И через все эти конфликты тянулись мерзлые окопы «холодной войны». Самая страшная угроза повисла в воздухе: если равновесие нарушится в пользу одной из сторон, вторая нажмет на ядерную кнопку.
Но Камбоджа все еще оставалась островом мира. Сидя теплым вечером на берегу Меконга, трудно было представить себе ядерную зиму.
По ту сторону горизонта, как далекие раскаты грома, падали бомбы, а божественный принц оберегал своих чад. Таким его должны были видеть подданные и иностранцы.
Принц Сианук был посажен на камбоджийский трон французскими колонистами в 1941 году. Один из многочисленных потомков знаменитых королей Ангкора. Тогда он был мечтательным девятнадцатилетним юношей, увлекавшимся кино. В своих мемуарах он пишет, как познакомился с женой французского губернатора. При виде его та воскликнула: «Qu’il est mignon, ce petit!»
В этом и заключалось его предназначение. Ему предстояло стать маленьким миленьким королем, чьим главным достоинством была доверчивость.
Более наивного заблуждения и представить себе нельзя. Французский генерал Де Ланглад позже констатировал, что Сианук, конечно, безумец, но безумец неотразимый.
После нескольких лет отрешенного от мира либертинизма король решил, что должен оставить свой след в истории Камбоджи.
После Второй мировой войны французы ослабили власть над колониями, и Французский Индокитай сосредоточил все свои силы на Вьетнамской войне. Освободительное движение в Камбодже заметно окрепло, хотя и не было единым. Лучше всех были организованы коммунисты.

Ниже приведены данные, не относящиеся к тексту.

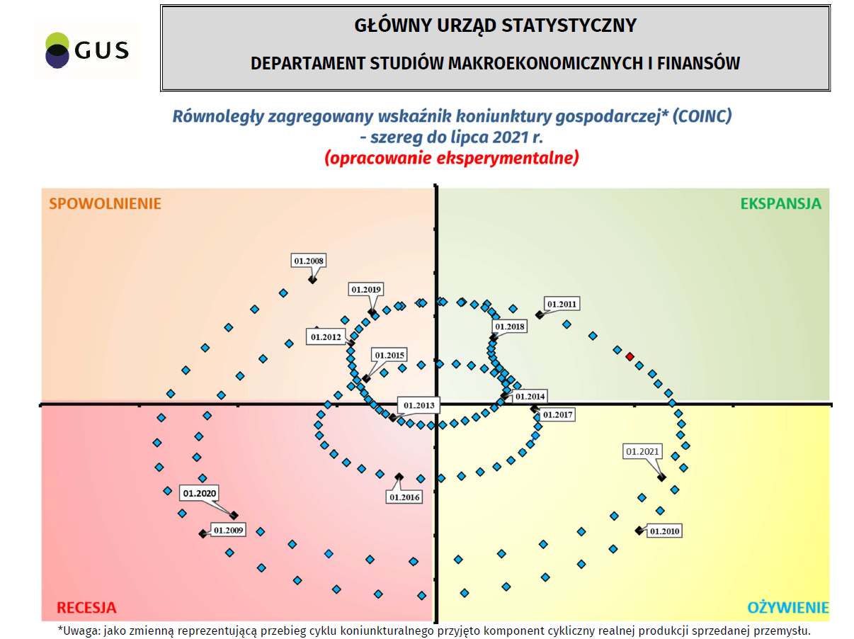 W ramach prac statystyki eksperymentalnej prowadzona jest analiza cykli koniunkturalnych dokonywana na podstawie złożonych (syntetycznych/zagregowanych) wskaźników opisujących w sposób syntetyczny wahania koniunkturalne w całej gospodarce. Oszacowano równoległy (COINC) oraz wyprzedzający (LEAD) zagregowany wskaźnik koniunktury gospodarczej. Wskaźnik równoległy (jednoczesny) odzwierciedla bieżący stan koniunktury, natomiast wyprzedzający wskaźnik koniunktury przedstawia, z pewnym określonym wyprzedzeniem, przyszły stan koniunktury gospodarczej. Zegar cyklu koniunkturalnego (wykres fazowy cyklu koniunkturalnego) jest narzędziem ułatwiającym analizę przebiegu cyklu koniunkturalnego. Przedstawia on w sposób graficzny miejsce różnych zmiennych gospodarczych (zagregowanych bądź też pojedynczych wskaźników) w cyklu koniunkturalnym. Służy on przede wszystkim do ilustracji zjawiska w horyzoncie średnioterminowym. Zegar jest przedstawiany graficznie w formie układu współrzędnych.

И тут на сцену вышел король, отнюдь не такой миленький, каким казался раньше.
Это можно назвать присвоением чужих достижений. Когда казалось, что освободительное движение уже побеждает, Сианук неожиданно объявил «королевский крестовый поход». Он объездил всю страну, обещая, что он, и никто другой, сделает Камбоджу независимой. И всего-то за один год.
В ноябре 1953-го французы вынуждены были оставить Камбоджу. Страна обрела независимость. И Сианук стяжал все лавры себе.
Это был его первый гениальный политический ход. Народ поддерживал борьбу за независимость. Борьба за независимость была также главным козырем коммунистов, питавшим их растущую популярность. Крестовый поход Сианука позволил ему снискать восхищение народа, а заодно выбить опору из-под ног коммунистов. Пройдет еще почти двадцать лет, прежде чем они снова станут весомой политической силой.
Однако свободу действий Сианука ограничивала конституция. А это никак не входило в его планы. Поэтому следующим его гениальным ходом было отречение от престола.
Со сцены уходит король.
И появляется принц.
Вновь став принцем, Сианук развязал себе руки. На трон он возвел своего аполитичного отца. При этом Сианук всегда старательно подчеркивал, что он «принц, который был королем», дабы никто не усомнился в его статусе. Никто и не усомнился. Он продолжал жить во дворце, сохранив власть над военными и полицией. Он оставался полубогом, перед которым подданные должны были падать ниц.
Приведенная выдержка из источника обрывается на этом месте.